More on Galloway and Young 

A few follow up comments on Randy Galloway's column where he took the Rangers to task for considering trading Mike Young, and for not locking him up long-term.

Galloway, incorrectly, called Young one of the best all-around players in the game. This is simply not true, and I'm not sure how any reasonable person could make that claim with a straight face. Take a look at Young's performance over his almost three year major league career, and what the statistics show is a mediocre offensive player. Young's EQA the last three years has been .242, .239, and .270, with a career mark of .252; considering that the average for all major leaguers is a .260 EQA, that's not impressive. Young's OBP and slugging percentage, meanwhile, have been .298/.402, .308/.382, and .339/.446 over the last three years -- again, not that great, particularly for a player who plays half his games in the hitter's paradise known (at least for now) as TBIA.

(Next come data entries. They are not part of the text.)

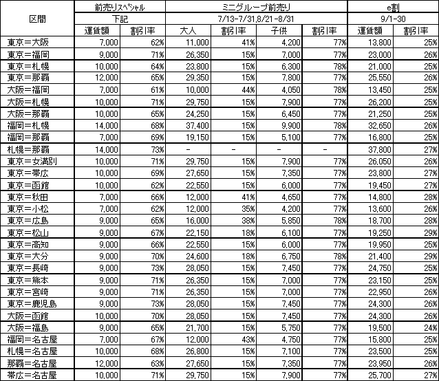 期間?:月曜日〜木曜日 期間?:金曜日〜日曜日 ※割引率は搭乗日に有効な大人普通運賃対比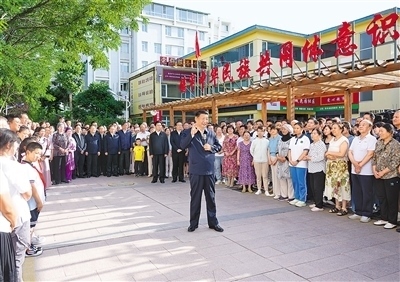 傍晚時(shí)分,社區(qū)廣場(chǎng)十分熱鬧,居民們看見總書記來(lái)了,紛紛圍攏過(guò)來(lái),熱烈鼓掌歡迎。習(xí)近平親切地對(duì)大家說(shuō),時(shí)隔4年,我再次來(lái)寧夏看望各族干部群眾,見到大家非常高興!中華民族是一個(gè)大家庭,各族人民要像石榴籽一樣緊緊抱在一起。要不斷鑄牢中華民族共同體意識(shí),把各族人民的心緊緊連在一起,把各方面的力量廣泛凝聚到一起,共同推進(jìn)中國(guó)式現(xiàn)代化,共襄中華民族偉大復(fù)興的盛舉。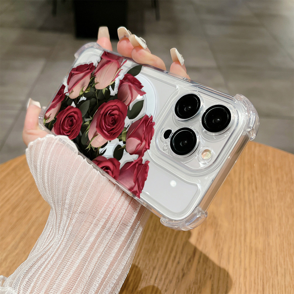 MAXCOBBER Beautiful Roses Case Magsafe Acrylic Airbag Clearcase Anti Kuning - Anti Shock-proof Casing Pro Camera for iP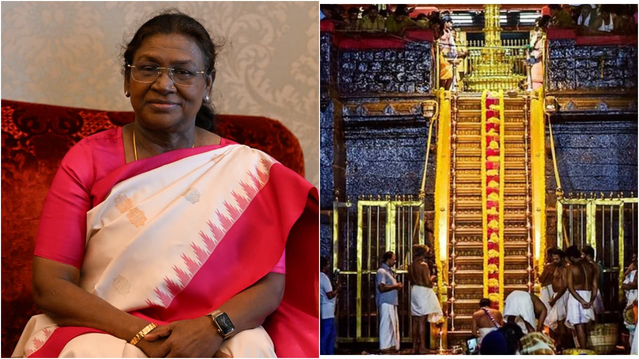 President Droupadi Murmu on Wednesday offered prayers at the Lord Ayyappa temple in Sabarimala in Pathanamthitta. IMAGE: President Droupadi Murmu offeres prayers at the Lord Ayyappa temple in Sabarimala. Photograph: Courtesy @BJMM4Kerala/X President Murmu is the first woman head of state to visit the Lord Ayyappa shrine at Sabarimala for offering prayers. She is also the second president to visit the shrine as before her, former President V V Giri had visited Sabarimala in the 1970s and had tr ...Read More >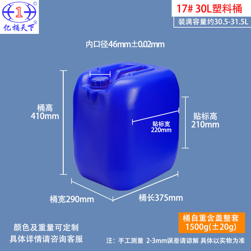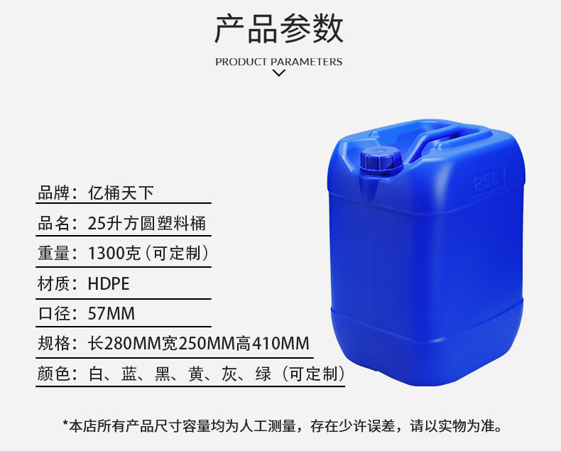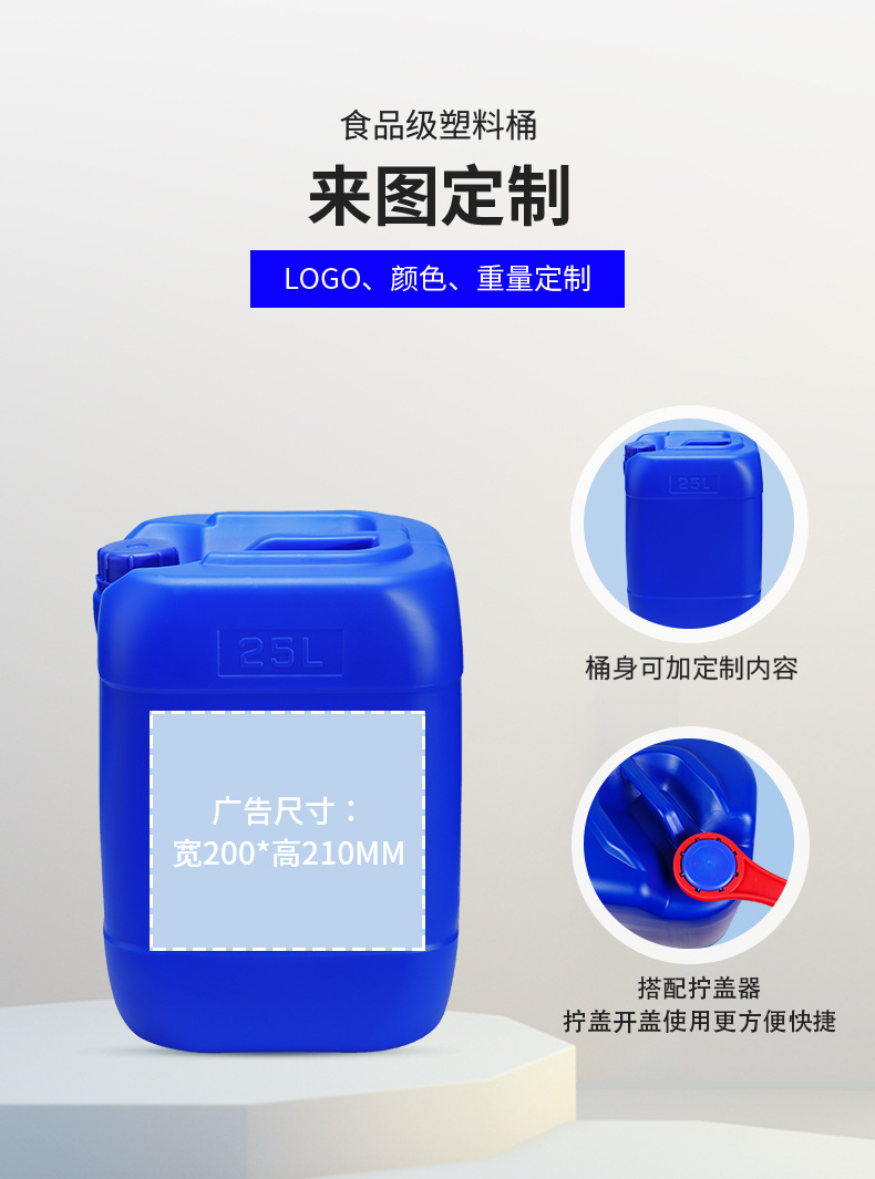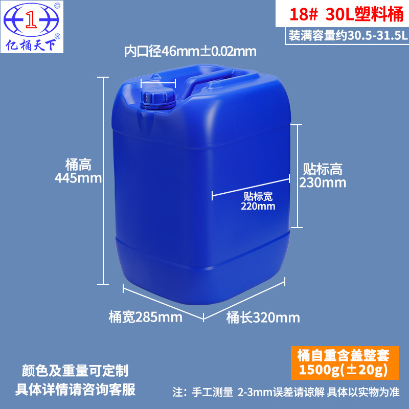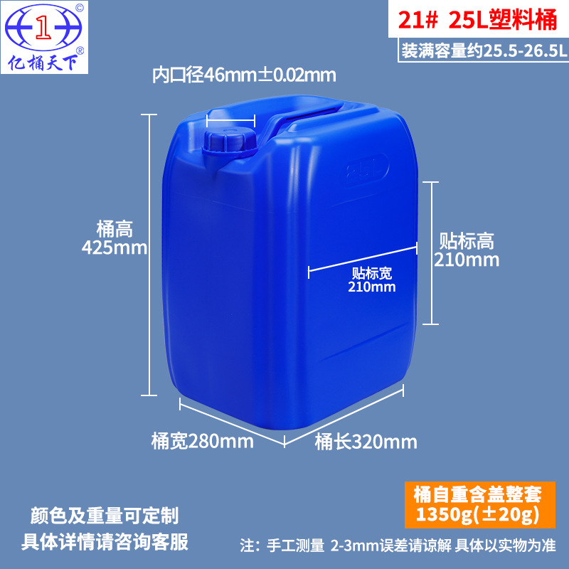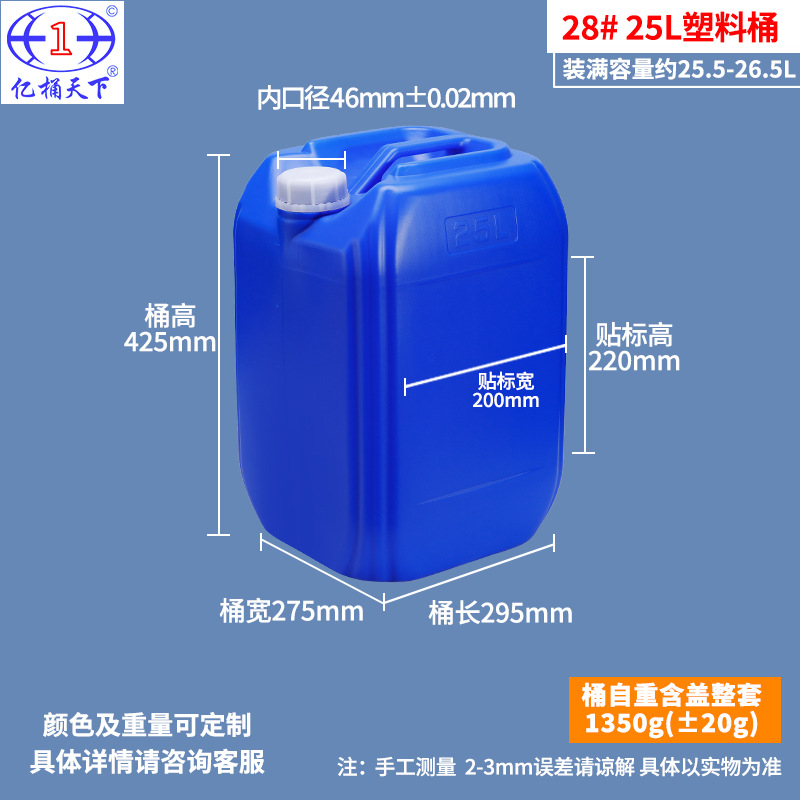 亿桶天下化工塑料桶25升加厚堆码桶30kg方桶食品级20升废液化工桶

Young is, no question, a terrific defensive second baseman, and will probably be a terrific defensive shortstop this year, once he adjusts to the switch. And let's not forget, it isn't as if this is a foreign position for Young...he came up through the minors as a shortstop, and only switched positions because of the presence of Alex Rodriguez.

Nevertheless, Young is essentially a slick fielding middle infielder with a decent bat. And given that, prior to 2003, calling his bat "decent" was probably overly generous, it is hard to find fault with the Rangers' decision not to offer him a long-term deal, as they did with Hank Blalock.

Young's cheerleaders (and in the DFW media, they are legion) will point to Young's 2003 season as evidence that he's improving, that he's going to take another step forward this year and improve even more. The problem with that assumption, though, is that Young's improvement in 2003 was almost entirely driven by an increase in batting average -- his walk rate actually declined from previous years, and his isolated power was no different. While increases in offensive production that are driven by boosts in power or plate discipline (particularly with young players) are often harbingers of things to come, offensive production increases that are batting average driven are far less likely to carry over from year to year.

Thus, it would seem more likely than not that Young will regress a bit offensively this year, or at least stagnate. And if Young doesn't improve offensively, or worse yet, if he goes backwards, what you have is a slick fielding middle infielder who is valuable so long as you can pay him the major league minimum, or at least no more than about $2 million per year. Once his price jumps above that level (and it likely will in arbitration, after the 2005 season), he is a liability, not an asset.

Which is why the Rangers are wise to pass on offering Young a multi-year contract. To buy out his 2006 and 2007 seasons, the Rangers would likely have to offer at least $3 million and $5 million, respectively, and the odds are extremely slim that Young is going to be productive enough offensively to justify that cost. It makes more sense to ride it out on a year to year basis, allow the team the option to non-tender Young once he gets to the point where the arbitration process would pay him more than he could get on the open market.

As for Galloway's ranting about the possibility of the Rangers trading Young, well, I think they need to keep their options open. I think Young is non-tendered after 2005 regardless of whether he is here or elsewhere, so while I don't think it makes sense for them to be actively shopping him, if the right offer comes along where a team is willing to give up good young talent to the Rangers in order to land Mike Young, the Rangers absolutely need to consider the deal.